J

Ch1_Introduction_to_SW

Course Information

  • Course Resources

    • Blackboard is the main platform for class syllabi, project descriptions, slides, announcements, etc.

    • Email will also be utilized for announcements.

  • Course Evaluation

    • Midterm exam: 30%

    • Project: 30%

    • Final exam: 40%

Recommended Literature

  • Essential Texts

    • The Data Warehouse Toolkit by Ralph Kimball & Margy Ross

    • Building the Data Warehouse by William H. Inmon

    • Data Warehouse Systeme by Andreas Bauer & Holger Günzel

  • Further Readings

    • The Data Warehouse ETL Toolkit by Ralph Kimball & Joe Caserta

    • OLAP Solutions by Erik Thomsen

    • Data Warehouses and OLAP by Robert Wrembel & Christian Koncilia

Introduction to Data Warehousing

  1. Why a Data Warehouse is Needed

  2. Definition of a Data Warehouse

  3. Core Concepts in Data Warehousing

  4. Applications and Users of Data Warehouses

Importance of Data

  • Data may soon be more important than software (Tim O'Reilly)

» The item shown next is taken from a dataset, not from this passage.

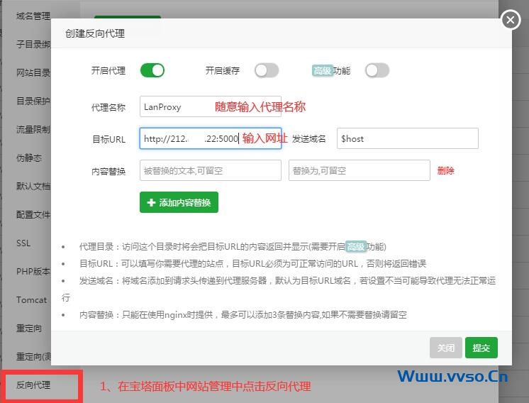 2、直接在宝塔面板中网站管理中点击“反向代理”,创建反向代理如下图:
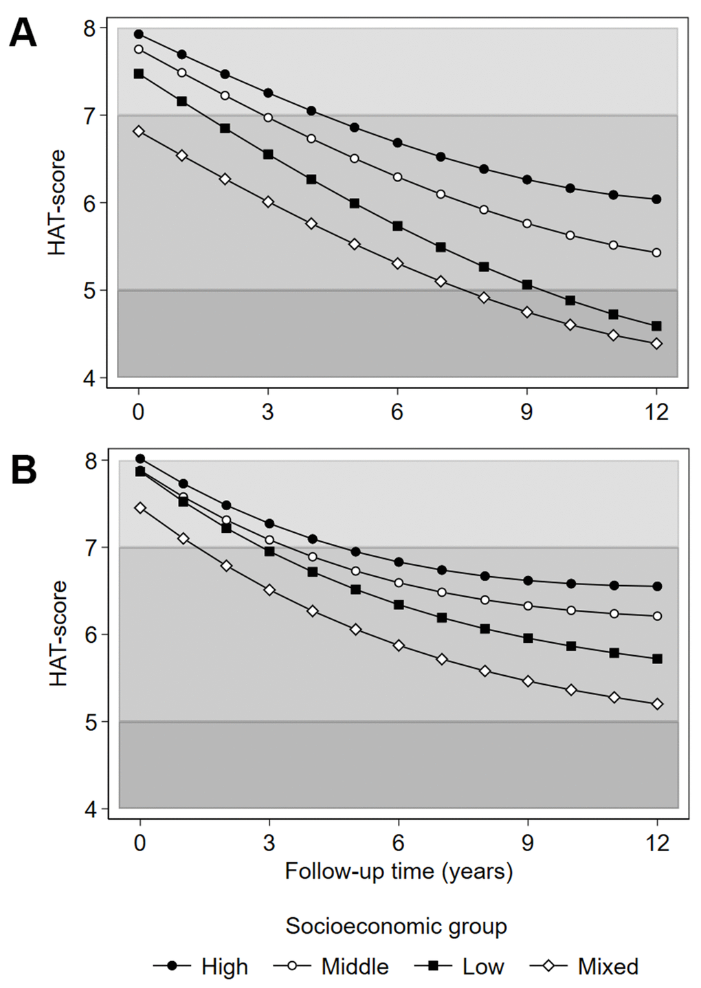 Associations between SES groups and HAT over 12 years are presented in Table 4, and the predicted trajectories of health decline for SES groups are illustrated in Figure 2. In the age- and sex-adjusted model Mixed SES had the poorest health at baseline, followed by Low SES, relative to the High SES group, (Table 4, Model 1; Figure 2A). Low SES had the fastest health decline, and over time, the health trajectories of the Low and Mixed SES groups converged (Figure 2A), while the High and Middle SES groups had slower health deterioration.

  • Data is precious and lasts longer than systems (Tim Berners-Lee)

  • Information is likened to oil in the 21st century (Peter Sondergaard)

  • Data lives indefinitely beneath applications (Tom Kyte)

Major Challenges for Effective Decision Support

  1. Distributed Data

    • Problem: Data exists across various systems and technologies.

    • Solution: Consolidate data into a single system for analysis.

  2. Different Data Structures

    • Problem: Inconsistencies across systems regarding data types and modeling.

    • Solution: Implement a dedicated system to standardize data.

  3. Issues with Historic Data

    • Problem: Data is often deleted or archived after a short period.

    • Solution: Store all changes in a system suited for large data volumes.

  4. System Workload Challenges

    • Problem: Systems are not optimized for analytical workloads, risking performance issues.

    • Solution: Use dedicated systems designed for complex queries on large data sets.

What is a Data Warehouse?

  • A data warehouse is a system where data is stored and analyzed to inform decisions.

  • It is specifically designed to support business intelligence activities.

Characteristics of a Data Warehouse

  1. Large Repository

    • A data warehouse is a large-scale repository of organizational data.

    • It begins around 1 TB and can extend to several PB across multiple servers.

  2. Data Cleansing and Snapshots

    • Contains historical snapshots of operational data, obtained through ETL processes.

  3. Analytical Focus

    • Tailored for tactical and strategic reporting, capturing changes over time.

Definitions by Experts

  • Ralph Kimball:

    • Describes a data warehouse as a structured copy of transactional data for queries and analysis.

  • Bill Inmon:

    • Defines it as a subject-oriented, integrated, non-volatile, time-variant collection of data for decision support.

Functional Characteristics

  • Subject Oriented:

    • Data is organized around real-world events or objects (e.g., Customer, Product).

  • Integrated:

    • Data sourced from various operational systems, harmonized for consistency.

  • Non-Volatile:

    • Data is static and retained for future reporting; once committed, data isn't deleted or changed directly.

  • Time-Variant:

    • Tracks changes, enabling historical reporting and analysis over time.

Utilization of Data Warehouses

  • OLTP (Online Transaction Processing):

    • Used for operational data entry and transaction processing, reflecting current states.

  • OLAP (Online Analytical Processing):

    • Used for reporting and decision-making analytics based on DW data.

Typical Applications of Data Warehousing

  1. Investment and Insurance

    • Market analysis and customer behavior insights.

  2. Retail

    • Monitoring products, pricing strategies, and purchasing patterns.

  3. Healthcare

    • Generating treatment reports and collaborating with insurance and research departments.

  4. Education

    • Real-time analytics for informed decision-making regarding faculty and students.

  5. Banking

    • Monitoring resources and assessing product performance.

  6. Manufacturing and Distribution

    • Consolidating data for forecasting and trend analysis.

  7. Government

    • Analyzing tax information and health records.

  8. Telecommunications

    • Informing distribution and sales strategies.